Joint Slope Stability Analysis Using SSR

1.0 Introduction

This tutorial introduces how to add a joint surface onto a slope and conduct slope stability analysis using the Shear Strength Reduction (SSR) method in RS3.

All tutorial files installed with RS3 can be accessed by selecting File > Recent > Tutorials folder from the RS3 main menu. The initial file of the tutorial can be found in Joint slope stability SSR - starting file.rs3v3 and the finished tutorial can be found in the Joint slope stability SSR - final.rs3v3 file.

2.0 Starting the Model

1. Select File > Recent > Tutorials Folder.
   
2. Open Joint slope stability SSR - starting file.rs3v3.
3. Open the Project Settings dialog by selecting Analysis > Project Settings
4. Select the Shear Strength Reduction tab. Make sure the option 'Determine Strength Reduction Factor' is enabled and the inputs as:
• Initial Estimate of SRF = 1,
• Step Size of Automatic Selected, and
• Tolerance (SRF) = 0.01.



5. Click OK to close the dialog.

3.0 Adding a Joint Surface

1. Ensure the Geology workflow tab is selected
   

Before we begin with creating the joint surface, we will first select the thin extruded slope volume and set it as an external geometry.

2. Select the Volume 0 entity in the Visibility Tree, then select Geometry > Set as External.
   
3. Now select the 'Application of Joint Networks (initial)_JOINT_BOTH_CLOSED' plane entity in the Visibility Tree. With the plane entity selected, your model should look as follows:
   
4. Select: Materials > Joints > Add Joint Surface.
   
5. In the Add Joint Surface dialog, keep all default settings and click OK. The plane entity has been converted to a joint surface.

Now we will use the Divide All Geometry option to create external volumes.

6. Select: Geometry > 3D Boolean > Divide All Geometry
7. Keep all settings as default as shown:
   
8. Click OK. The external volumes are now defined.

4.0 Assigning Materials

You will see multiple volumes in the Visibility Tree.
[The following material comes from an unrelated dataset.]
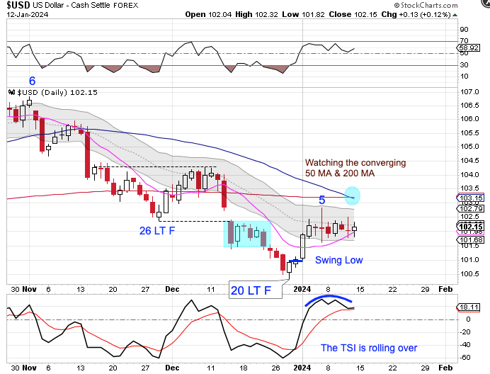 But close above the converging 50 day MA and 200 day MA would shift the odds that December 28th was both an ICL and the yearly cycle low for the dollar. Under this scenario the odds would shift to a left translated daily cycle formation for stocks.

We want to assign each layer of soil to Zone I, Zone II and Zone III.

1. Select the Volume 0 entity in the Visibility Pane that corresponds to the top right volume of the model in the ZX plane viewport as shown below.
   
2. In the Properties Pane, change the Applied Property to Zone I.
   
3. Hold CTRL and select the two volumes beneath Zone I as shown below and change the Applied Property to Zone II.
   
4. Hold CTRL and select the bottom two volumes of the model and assign change the Applied Property to Zone III.
   
5. The soil layers should be assigned as follows.

5.0 Restraints

1. Select the Restraints workflow tab
2. Select the Faces Selection option from the toolbar. While holding CTRL, select (left-click) the front (XZ) faces of the model as shown below.



3. Select: Restraints > Add Restraints / Displacement > Restrain Y.
4. In the Add Restraint dialog, click OK. Now you will see the assigned restraints on the front of the model as shown below.

Do the same for the back face (XZ plane) of the model by rotating the 3D viewcube.

5. Now select the left and right side (YZ) faces of the model as shown below:
   
6. Assign XY restraints by selecting Restraints > Add Restraints/Displacements > Restrain XY.
7. In the Add Restraint dialog, click OK.
   
8. Now, select the bottom face and assign restraint XYZ by selecting Restraints > Add Restraints/Displacements > Restraint XYZ. In the Add Restraint dialog, click OK. Then, you will see the following restraints as shown below.

6.0 Mesh

1. Next, we move to the Mesh workflow tab

Here we may specify the mesh type and discretization density for our model.

2. Select: Mesh > Mesh Settings
3. Use the following settings:
• Element Type = 4-Noded Tetrahedra,
• Mesh Gradation = Graded.
4. Select Mesh to mesh the model.

The mesh is now generated, your model should look like the one below.

Now we will compute the model.

7.0 Compute

1. Next, we move to the Compute workflow tab
   
2. From this tab, we can compute the results of our model. First, save your model: File > Save As.
3. Use the Save As dialog to save the file. You are now ready to compute the results. SSR analysis requires multiple iterations to locate the Critical SRF which increases the computation time.
Computation should take about 20 minutes depending on your computer specifications.

4. Select: Compute > Compute

8.0 Results

1. Next, once the computation is complete we move to Results workflow tab

Right beside the Results tab, you will see the Critical SRF value of 1.85 when the model fails.

2. In the legend, change Data Type to Total Displacement and under the SRF drop-down menu change it to 1.9.
The SRF text colour indicates the model has failed if it's red.
3. Select: Interpret > Show Exterior Contour

As shown below, the critical zone of failure occurs in the volume of material that is sliding along the joint surface.

This concludes the tutorial on jointed slope stability analysis using SSR in RS3.